Although I love certain purple strains I definately agree that purple weed is very over-rated. I try to never stick to one strain, I'd much rather smoke a little bit of each strain and have many options. That being said I do always like to have a little Purple Urkel in the arsenal along with some shiny green nuggies of Sour Diesel and Trainwreck (two of the coolest greenest strains in my opinion).


----------



## reeffermadness (Aug 18, 2008)

grandaddy is a native nor cal strain and as far as I kno tru granddaddy is clone only.


----------



## restlesswynd (Sep 4, 2008)

Overrated or not, 
I've done GDP indoors for several yrs.
IMO Everything about it is awesome! 
I do 4x8 soiled beds. sunshine mix 2. all organic ammendments and nutes. under 1k's. pullin close to 2lbs per light 
i used to get clones, but now i have a mother 
It is good trade bait.
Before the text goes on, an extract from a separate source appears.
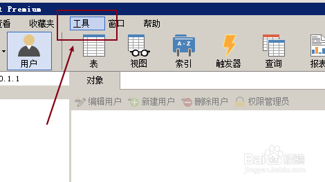 首先打开navicat,点击工具按钮,如图:
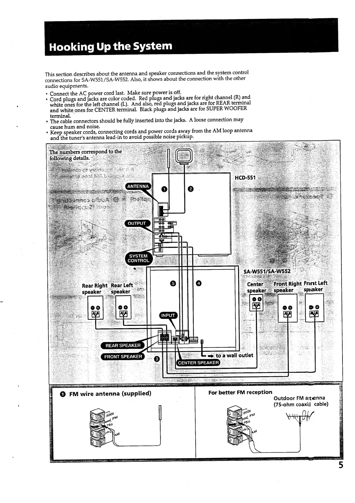 Sony HCD-551 - Hooking Up the System; System Connection Overview; Antenna and Speaker Connections

All my friends want it so I trade out for some of their flaves. Variety is the spice of life!


----------



## TOKEMASTERFLEX (Dec 10, 2008)

reeffermadness said:


> grandaddy is a native nor cal strain and as far as I kno tru granddaddy is clone only.


 
my grand daddy purple came from clones and i was told it was clone only as well......ive always been told that so....i would say its true....mine made the trip all the way from oakland to lovely washington


only two downsides in my eyes......takes 77 days to be truley finished....and easily succeptable to bud mold if you dont watch the humidity...because the nugs are so dense...


----------



## shepj (Dec 10, 2008)

TOKEMASTERFLEX said:


> my grand daddy purple came from clones and i was told it was clone only as well......ive always been told that so....i would say its true....mine made the trip all the way from oakland to lovely washington
> 
> 
> only two downsides in my eyes......takes 77 days to be truley finished....and easily succeptable to bud mold if you dont watch the humidity...because the nugs are so dense...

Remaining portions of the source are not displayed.